How The Right Surface Changes Cook Time
Switching surfaces changes how fast fries brown. Bare metal and raised trays run faster. Liners and pans slow air contact, so fries can need extra minutes.
| Surface | Crisp Speed | Best Use |
|---|---|---|
| Basket or crisper tray | Fast | Frozen fries, wedges, most batches |
| Perforated rack | Fast | Single-layer fries in oven-style units |
| Perforated parchment | Medium | Seasoned fries, cleanup, light sticking |
| Foil sling with holes | Medium | Small lifts, quick transfer |
| Perforated silicone liner | Medium to slow | Messy toppings, easier wash-up |
| Solid silicone bowl | Slow | Only when crisp is not the goal |
| Shallow pan or dish | Slow | Melted toppings after fries crisp |
Setup Details That Matter More Than The Liner
The base you use matters, yet a few habits matter more. Get these right and your fries improve on any surface.
Keep The Fries Dry
Water blocks crisping. Pat fresh-cut fries dry after rinsing. If you soak them, dry them well and let them sit a few minutes so surface moisture fades.
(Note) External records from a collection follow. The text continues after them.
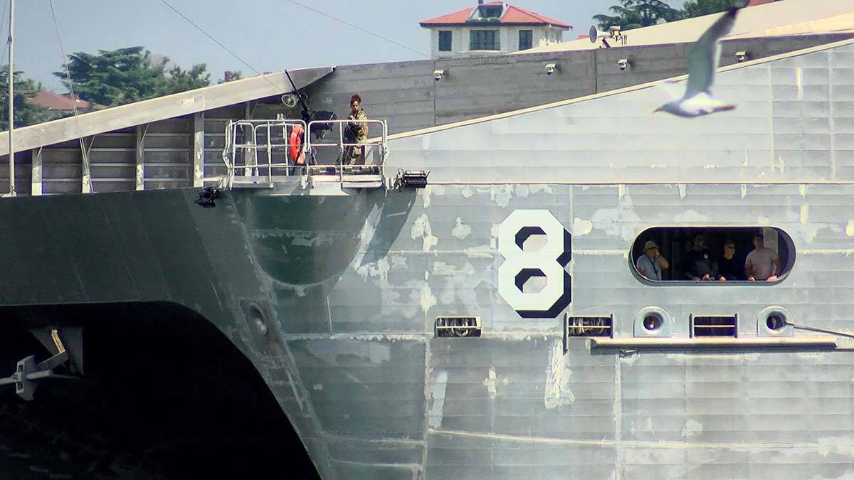 Yaklaşık 1 saatte Fatih Sultan Mehmet köprüsü altına ulaşan geminin ön ve arka bölümünde silahlı askerlerin nöbet tuttuğu görüldü. 1,5 saatte Boğaz geçişini tamamlayan gemi Karadeniz’e açıldı.
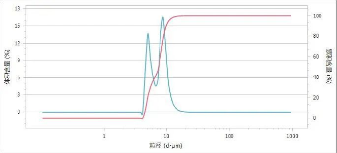 图2. 5μm+10μm样品沉降法信号(上图)和沉降法粒度分布(下图)
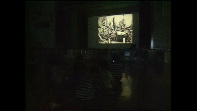 児童たちが、原爆直後の記録映画を見て戦争について学んでいました。
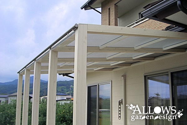 テラス屋根は三協アルミの『スマーレ オープンテラスタイプ』です。
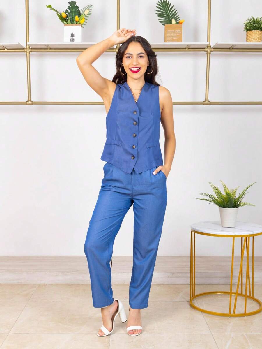 Pantalon Dama recto con bolsillos .
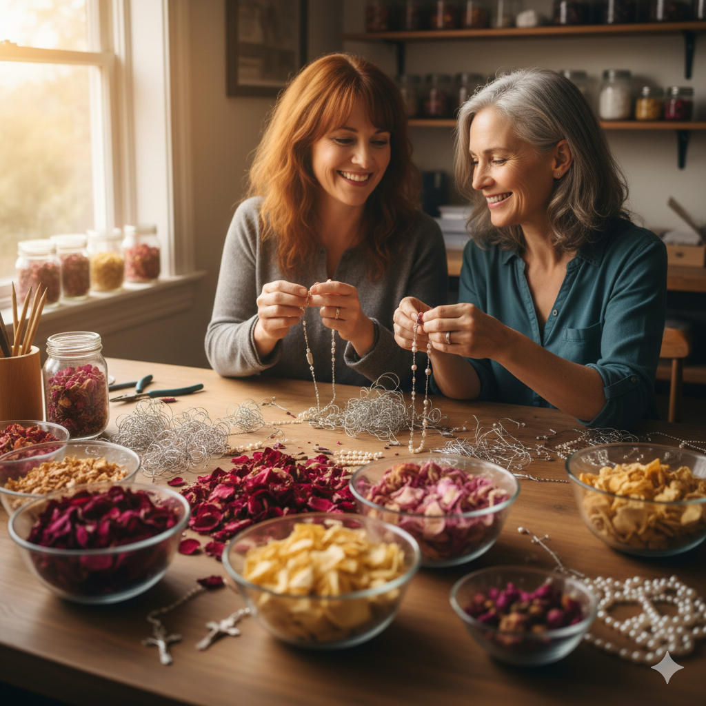 Floral Rosary was born from the close bond between two sisters, Colette and Jeanette, who wanted to share a meaningful way for families to hold onto their memories. Inspired by their shared upbringing in Catholic school and their active roles in their parish, they turned a passion for floral keepsakes into a mission to help others.

Use Oil Like A Seasoning, Not A Bath
A thin oil coat helps browning and keeps seasoning stuck on. Too much oil pools under the fries and softens them. A spray bottle or brush keeps the layer light.
Salt At The Right Time
Salt pulls moisture to the surface. For frozen fries, salt after cooking. For fresh-cut fries, salt near the end or right after they come out.
Don’t Crowd The Basket
If fries stack in a dense mound, they steam. Cook in batches, or use a rack to spread them out. If you hate batches, the fix is a wider basket, not a deeper pile.
Reheating Fries Without Turning Them Limp
Leftover fries can bounce back if you reheat them on a breathable surface. A bare basket or rack works well. Skip liners unless the fries are oily or heavily seasoned.
The USDA covers safe use of air fryers and safe cooking temps for many foods. See FSIS guidance on air fryers and food safety.
A Simple Reheat Routine
- Heat the fryer to 325–350°F.
- Spread fries out on the basket or rack.
- Heat 2–5 minutes, then shake and check.
- Finish with 1 minute at a higher temp for extra crunch.
Common Mistakes When Picking A Fry Surface
Using A Full Sheet Of Parchment Or Foil
A full sheet blocks airflow under the fries. If you want paper or foil, keep it smaller than the base and use holes.
Preheating With A Loose Liner
Fans lift light paper. Add the liner only after fries are in the basket and can weigh it down.
Skipping The Shake
Even on a good surface, fries benefit from movement. A quick shake breaks contact points and helps even color.
Putting Wet Fries Straight In
If fries are damp, they steam and stick. Dry first, then cook.
What To Put Fries On In The Air Fryer?
If you want the simplest answer to what to put fries on in the air fryer? use the basket or crisper tray with no liner, cook in a loose layer, and shake once or twice. Add perforated parchment for sticky seasonings, and save a shallow pan for topped fries.
Keep one vented liner and one shallow pan nearby; you’ll cover messy fries and melty toppings without guesswork each time.
Once the surface matches the batch, the air fryer does its thing: steady airflow, crisp edges, and fries that stay snappy long enough to serve.